--- TASK TO CARRY OUT ---
Starting from the line with "바닥에 도마와 어린이용" and going up to and including the line with "Deep Red Silk", copy the listing below exactly. Leave all images out.

--- RECORDS SUPPLIED ---
----------

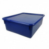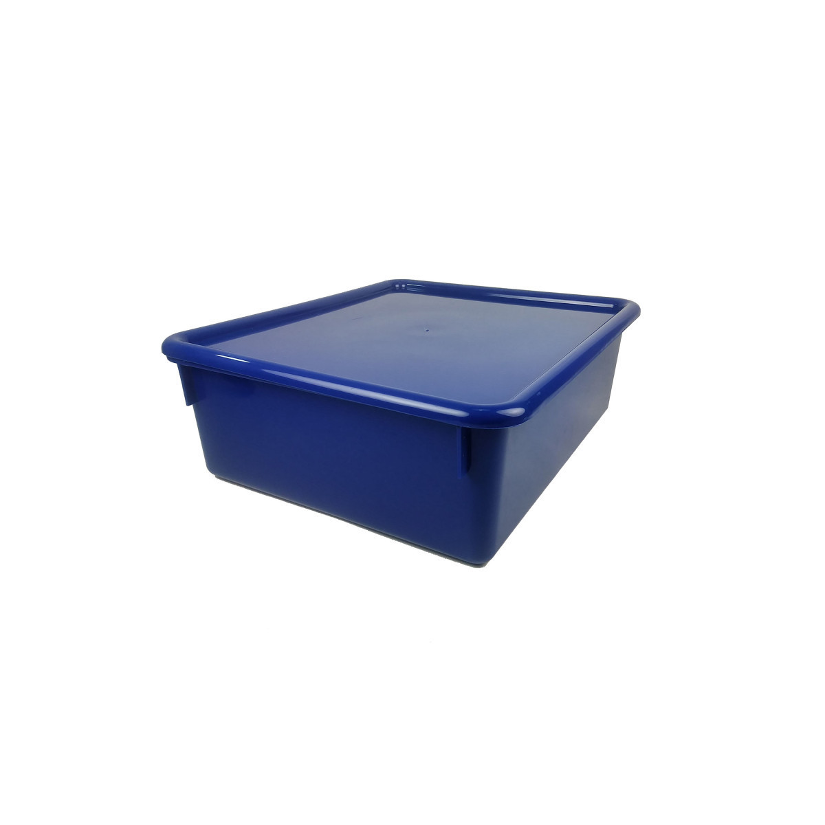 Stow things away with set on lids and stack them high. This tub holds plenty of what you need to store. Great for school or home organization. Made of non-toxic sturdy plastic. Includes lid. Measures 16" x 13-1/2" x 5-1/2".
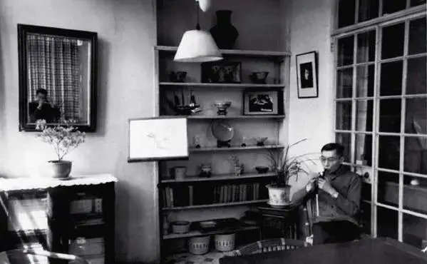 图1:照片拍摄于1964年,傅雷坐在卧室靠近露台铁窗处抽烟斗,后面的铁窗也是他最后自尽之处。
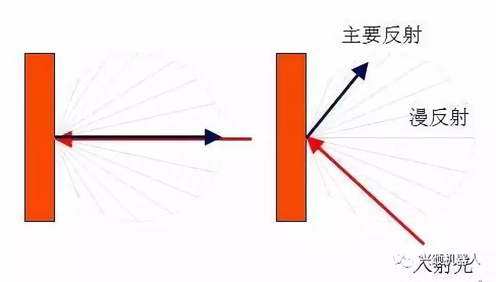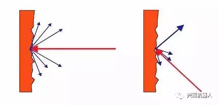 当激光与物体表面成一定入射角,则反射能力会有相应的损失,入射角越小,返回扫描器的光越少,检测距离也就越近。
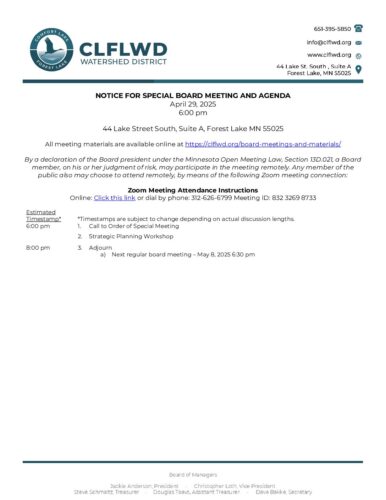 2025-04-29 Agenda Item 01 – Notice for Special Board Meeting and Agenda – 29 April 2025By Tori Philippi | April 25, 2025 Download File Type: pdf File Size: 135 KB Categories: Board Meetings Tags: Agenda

----------

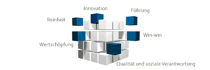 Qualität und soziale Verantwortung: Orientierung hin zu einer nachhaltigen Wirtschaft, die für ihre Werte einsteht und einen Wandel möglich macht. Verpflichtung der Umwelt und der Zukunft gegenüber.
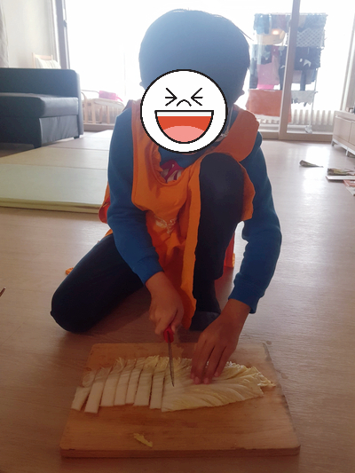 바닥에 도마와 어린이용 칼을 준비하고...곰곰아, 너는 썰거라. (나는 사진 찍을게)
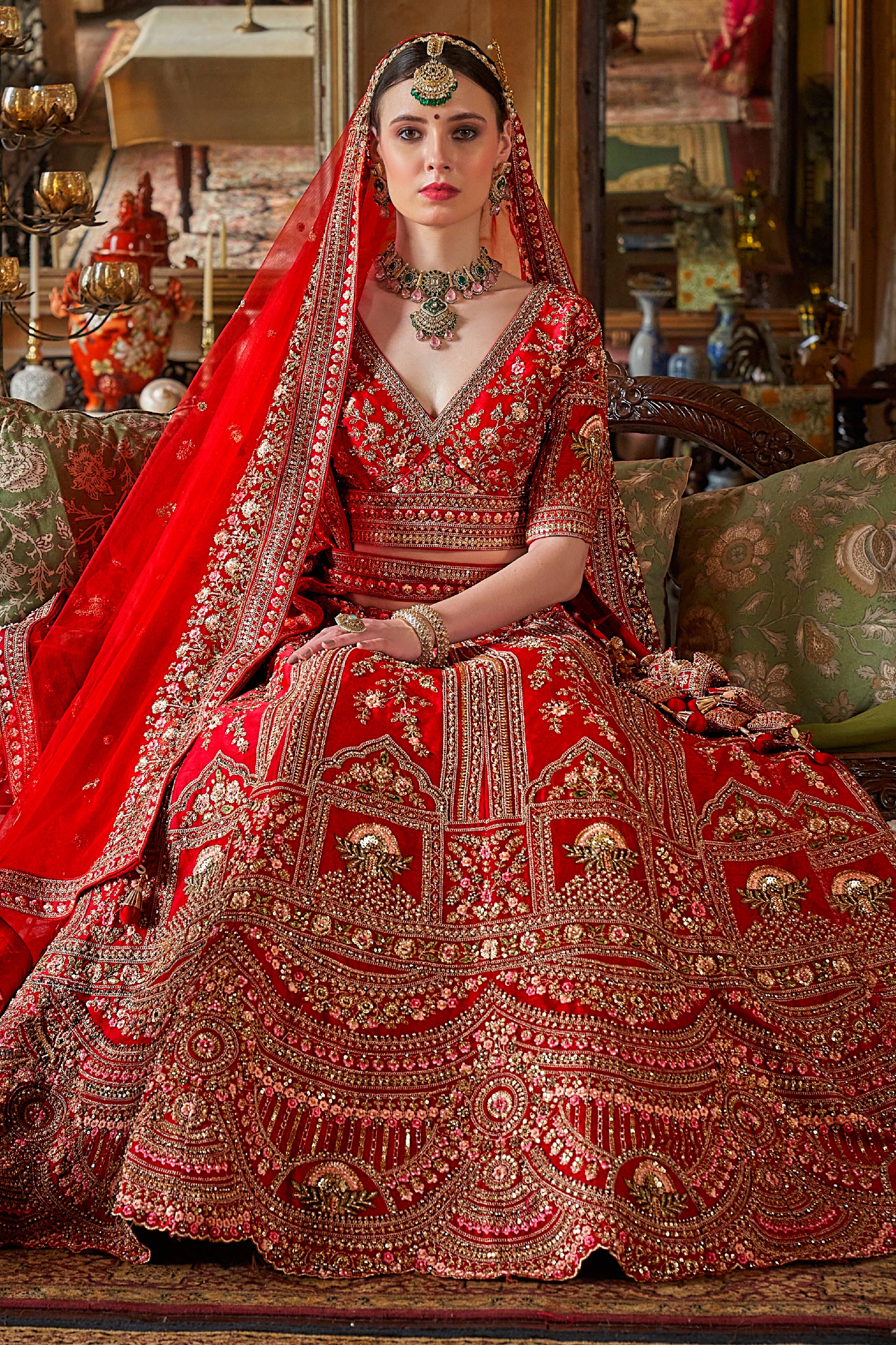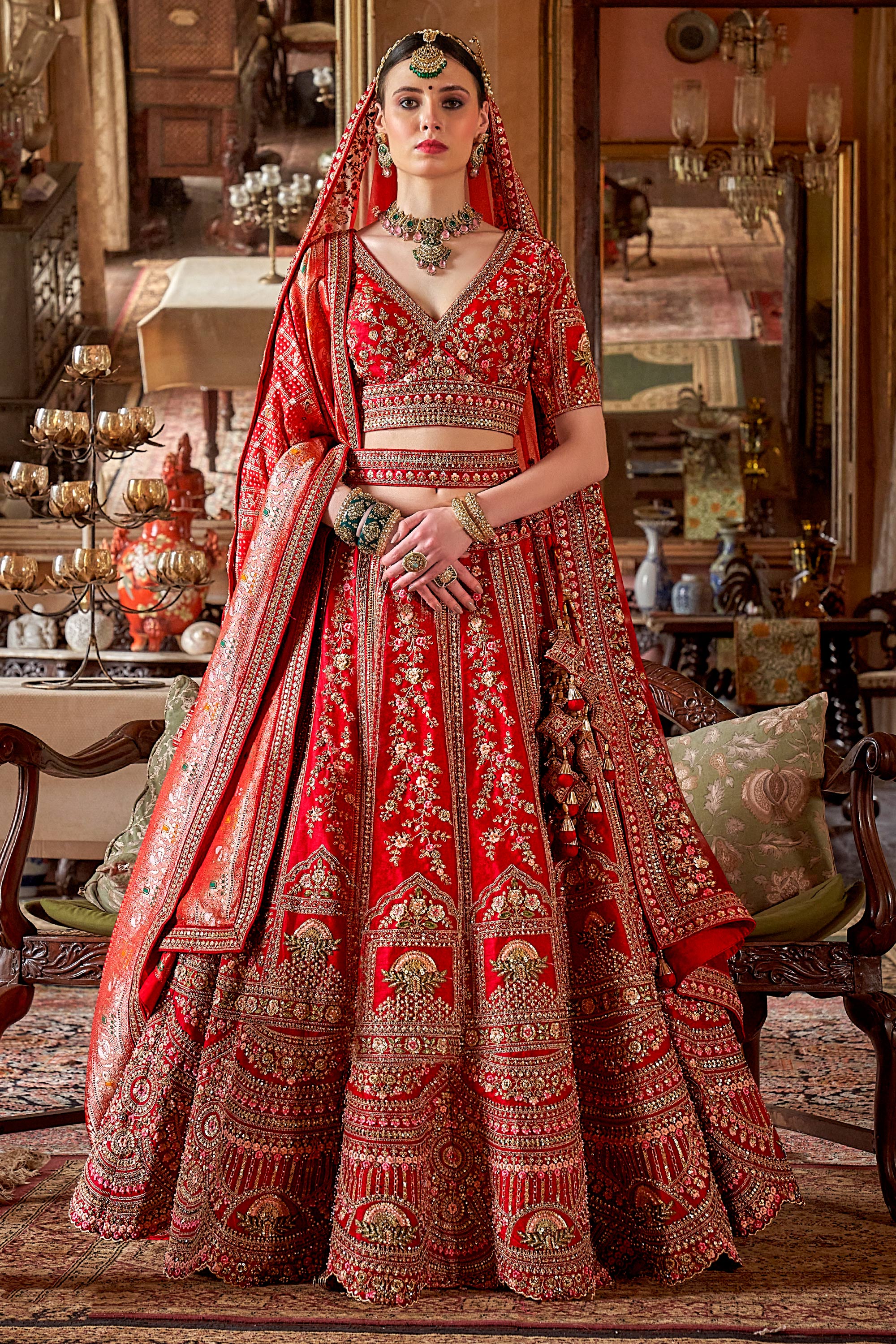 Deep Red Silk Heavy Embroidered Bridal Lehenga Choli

----------

--- EXERCISE RESULT ---
 바닥에 도마와 어린이용 칼을 준비하고...곰곰아, 너는 썰거라. (나는 사진 찍을게)
 Deep Red Silk Heavy Embroidered Bridal Lehenga Choli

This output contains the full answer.